高校生で起立性調節障害を発症した娘と家族のあゆみ

高校生で起立性調節障害を発症した娘と家族の記録

特別な出来事

 義父の乾癬の湿疹のお薬つけが大変だと嘆く義母のご褒美(お見舞い)に義妹が義母の好きな演歌歌手のコンサートへ行こうと提案してくれた。当日はデイケアの日。生真面目な義母は決められたことをキチンとしないのは大嫌い。ずる休みは絶対嫌だと言い張る。なので今回はデイの日を前日に振り替えていただき、準備万端。当日は、夕方からのコンサートだというのに早朝からおしゃれをして義妹の迎えを待っていた。

 コンサートの翌日は、週に一度の夫が義母の一週間分の買物に同伴する日。車の中では、行きも帰りも「生まれて初めてのコンサートが本当に楽しくてうれしくて夢みたいだった」と何度も何度も繰り返したそうだ。因みに義母は昔からコンサートが大好きな人。好きな歌手のコンサートならば、たとえ相棒がいなくても、年に何度でも、県内県外を問わず駆け付けるコンサートマニア。人生でコンサートへ行った回数は家族の誰よりずば抜けて多いはず。この数、音楽好きの夫でもかなわない(笑)

 楽しい出来事というのは、本当に偉大だ。高級寿司など美味しい差し入れをしても翌日まで覚えていることは皆無なのに、コンサートへ娘と行ったという出来事は、あれから4日経っても鮮明に覚えているようだ。ただ、「当日好みの歌手が、民謡も歌ってくれたらどんなに良かったか」とも同じように何度も繰り返すのだが、これは義妹によると事実とは違ったらしい。「ちゃんとその歌手、民謡を2曲歌ってたのにな」と言っていた。覚えていられる記憶と覚えられない記憶、境界が興味深い。

 義妹も、義母が思った以上に喜んでくれたことが最高に嬉しかったようだ。義妹と義母がこんなに良い時間を共有出来て私も何より嬉しい。嬉しくはあるのだが、何だか釈然としない思いも、実はある。楽しい時間を作ってあげなければいけないのは、むしろ出かけることの全くない義父の方なのではないかと思えてならないのだ。義父は認知症の連れ合いと共に暮らすことでストレスもかなり溜まっているはずだ。

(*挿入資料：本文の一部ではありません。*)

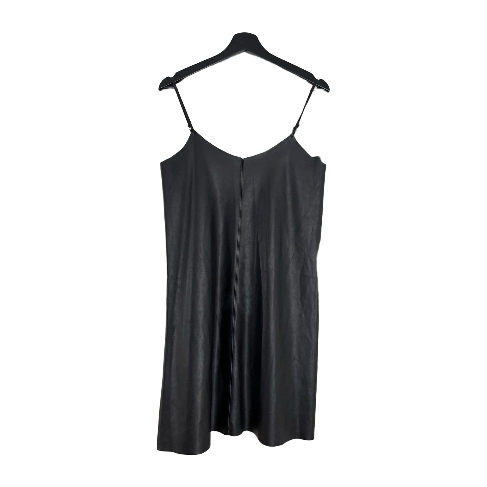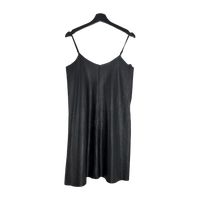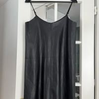 A cute black dress made from a leather-like material. Measures ca. 88cm from the straps all the way down

音楽の趣味もなさそうなので、義父をコンサートへ連れて行っても喜ばないかもしれないし、義父の喜ぶことを探すのは確かに大変だと思う。でも、ドライブに連れ出して外の景色を楽しむとか、義父だけを連れ出して美味しいものを食べに行くとか、そんなことをしないと、義父はしんどいんじゃないかな?壊れてしまわないかな?